Caroline walks out the coffee shop door and begins to cross the street.
The girl says nothing as Pete drags her by the hair. Her face has the placid surface of the recently and frequently stoned. In fact, she doesn't resist at all until they reach the doorway, at which point she spreads her arms and calmly gets hold of the door frame. For a moment, Pete can't get her inside. He flicks at her face with the back of his hand and the girl crumples, and Pete gathers himself to finish dragging her inside when he looks up and sees Caroline striding across the street.
'Oh, hey,' he says, and lets go of the girl. She slumps in the doorway.
Caroline reaches the curb without slowing. Pete steps out of the doorway and begins to sprint down the sidewalk, but she has the angle. She gets her arms around his waist and is dragged a few steps as Pete tries to run. He smells like cat piss and onions. He twists and punches at her the way he punched the girl; Caroline feels a weak blow glance off her head, and she slides off his waist and down his legs. He tries to run again, but she's got his ankles and Pete Decker crashes down on the sidewalk. He scurries a few feet with her holding his ankles before she can pull herself up and jump onto his back and crawl up, driving the ball of her kneecap between his shoulder blades. The air goes out of him, but he keeps trying to crawl forward. She grabs the scruff of his hair and pushes his face into the sidewalk. Pete continues to struggle, flailing with his arms and legs. Caroline wonders what the hell is taking Dupree so long.

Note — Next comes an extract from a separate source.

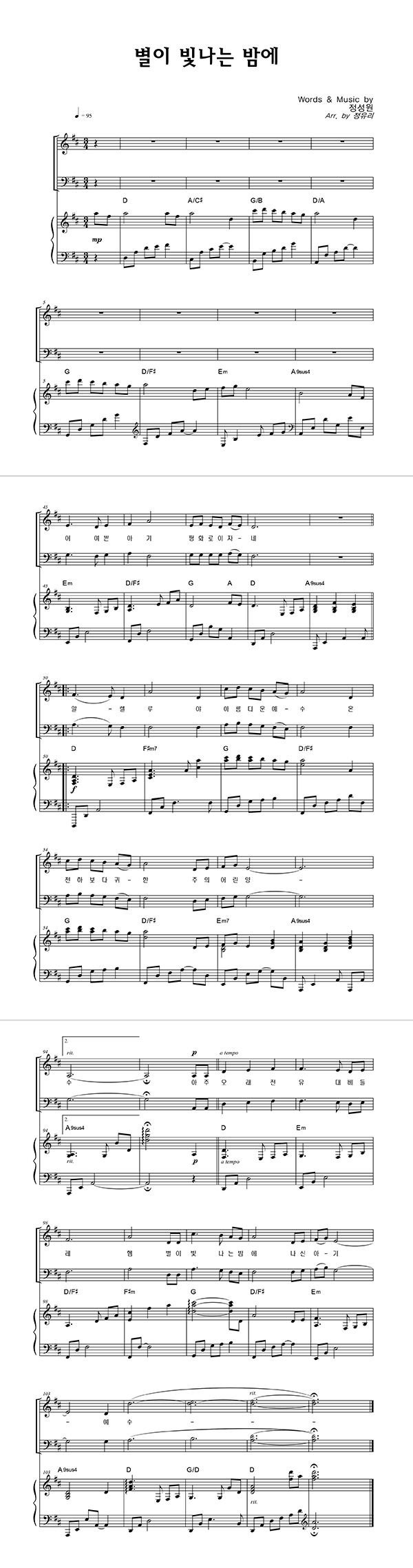 | 별이 빛나는 밤에 | 성가 2부 + 피아노 반주 |

And it's not until she gets one of his wrists and cranks it, and Pete finally gives up and slumps down on the sidewalk, that she looks up and sees Dupree standing there like a civilian, like a fucking tourist next to the gawkers and the kids with the stolen stereo. They're all staring down at Pete Decker, whose face is jammed into the sidewalk and whose nose and lips are bleeding. And they all have the same look on their faces.
'Jesus, Caroline,' Dupree says. 'You need to get some sleep.'
5
The cold returns at night in Spokane, on just about every night in the winter, even nights like this, when the sun has lied about early spring. At dusk the air loosens, the pooled snow begins to freeze, and the grass shines like it's been sheeted with glass.